AIM OF THE TASK: Retype the whole listing exactly. Leave out pictures.

SOURCE MATERIAL:
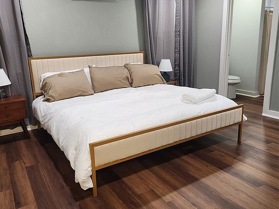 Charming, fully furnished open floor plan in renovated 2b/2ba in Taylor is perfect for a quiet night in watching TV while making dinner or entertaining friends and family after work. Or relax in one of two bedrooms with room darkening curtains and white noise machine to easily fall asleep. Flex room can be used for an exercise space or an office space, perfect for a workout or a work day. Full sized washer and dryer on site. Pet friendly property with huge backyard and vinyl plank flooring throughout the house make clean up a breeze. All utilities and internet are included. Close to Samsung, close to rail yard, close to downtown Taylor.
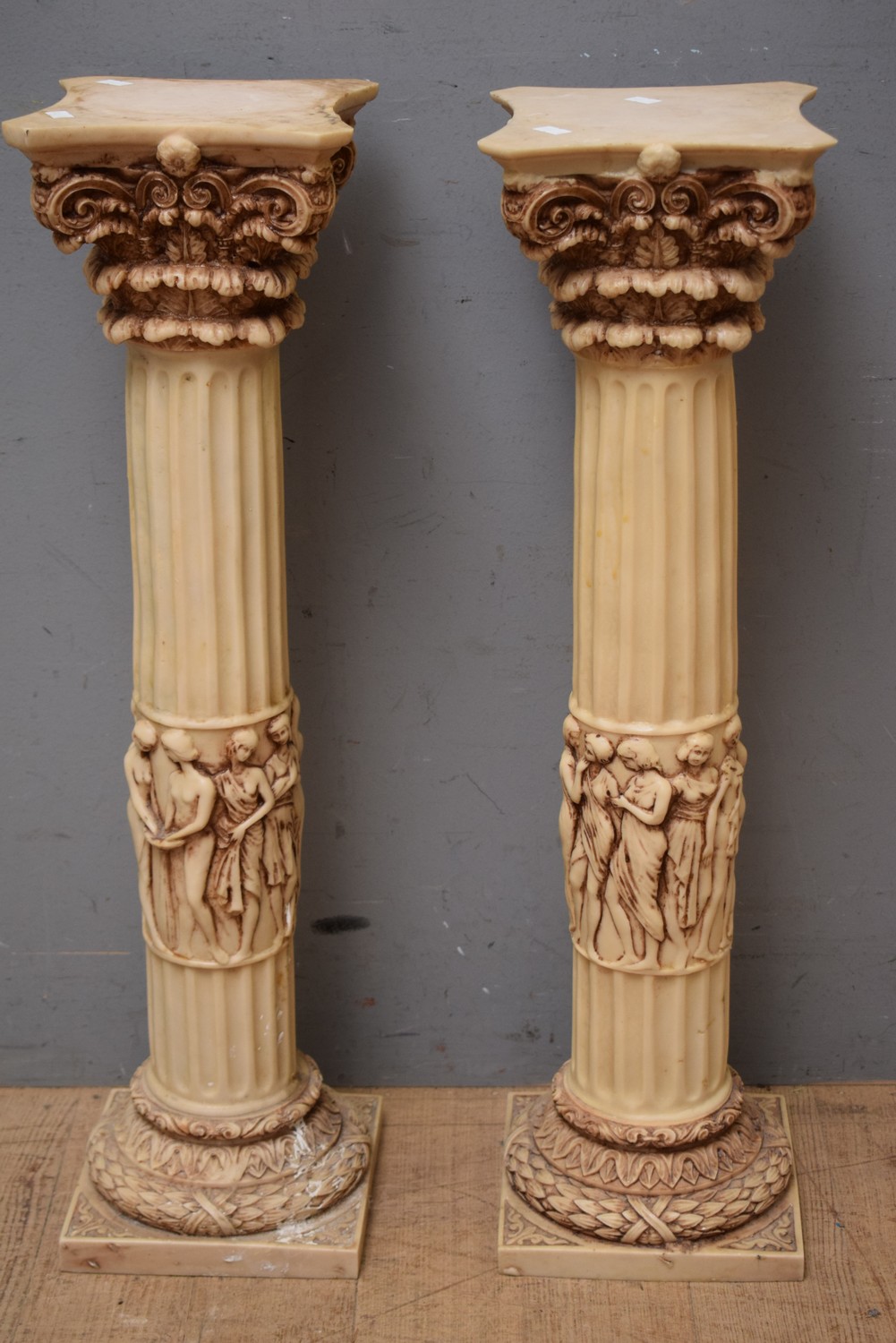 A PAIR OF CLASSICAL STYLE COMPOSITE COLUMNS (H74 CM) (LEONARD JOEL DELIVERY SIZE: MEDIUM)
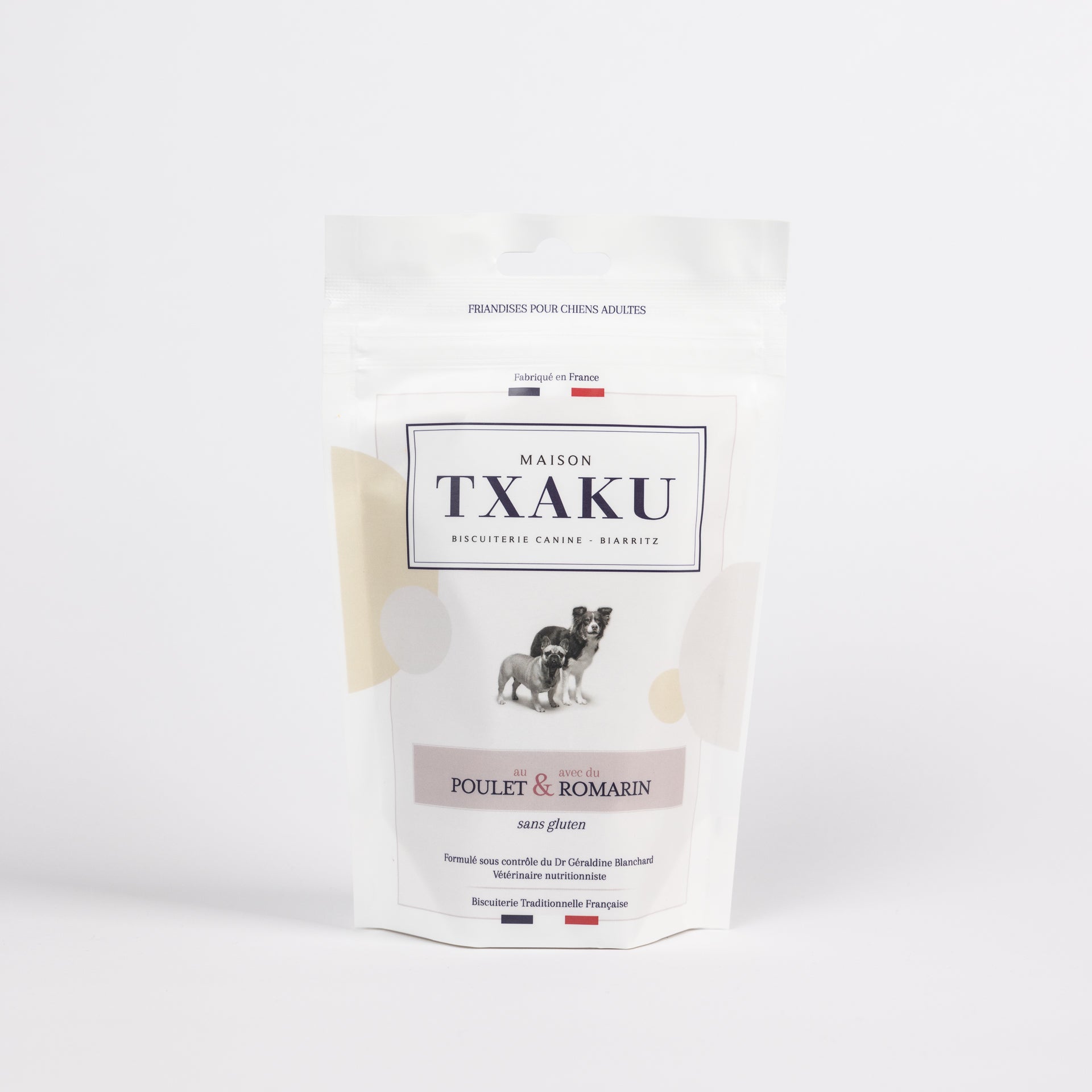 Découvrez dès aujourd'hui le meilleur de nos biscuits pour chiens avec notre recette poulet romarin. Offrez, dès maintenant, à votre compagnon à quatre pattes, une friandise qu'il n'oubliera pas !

SOLUTION TO THE PROBLEM:
 Charming, fully furnished open floor plan in renovated 2b/2ba in Taylor is perfect for a quiet night in watching TV while making dinner or entertaining friends and family after work. Or relax in one of two bedrooms with room darkening curtains and white noise machine to easily fall asleep. Flex room can be used for an exercise space or an office space, perfect for a workout or a work day. Full sized washer and dryer on site. Pet friendly property with huge backyard and vinyl plank flooring throughout the house make clean up a breeze. All utilities and internet are included. Close to Samsung, close to rail yard, close to downtown Taylor.
 A PAIR OF CLASSICAL STYLE COMPOSITE COLUMNS (H74 CM) (LEONARD JOEL DELIVERY SIZE: MEDIUM)
 Découvrez dès aujourd'hui le meilleur de nos biscuits pour chiens avec notre recette poulet romarin. Offrez, dès maintenant, à votre compagnon à quatre pattes, une friandise qu'il n'oubliera pas !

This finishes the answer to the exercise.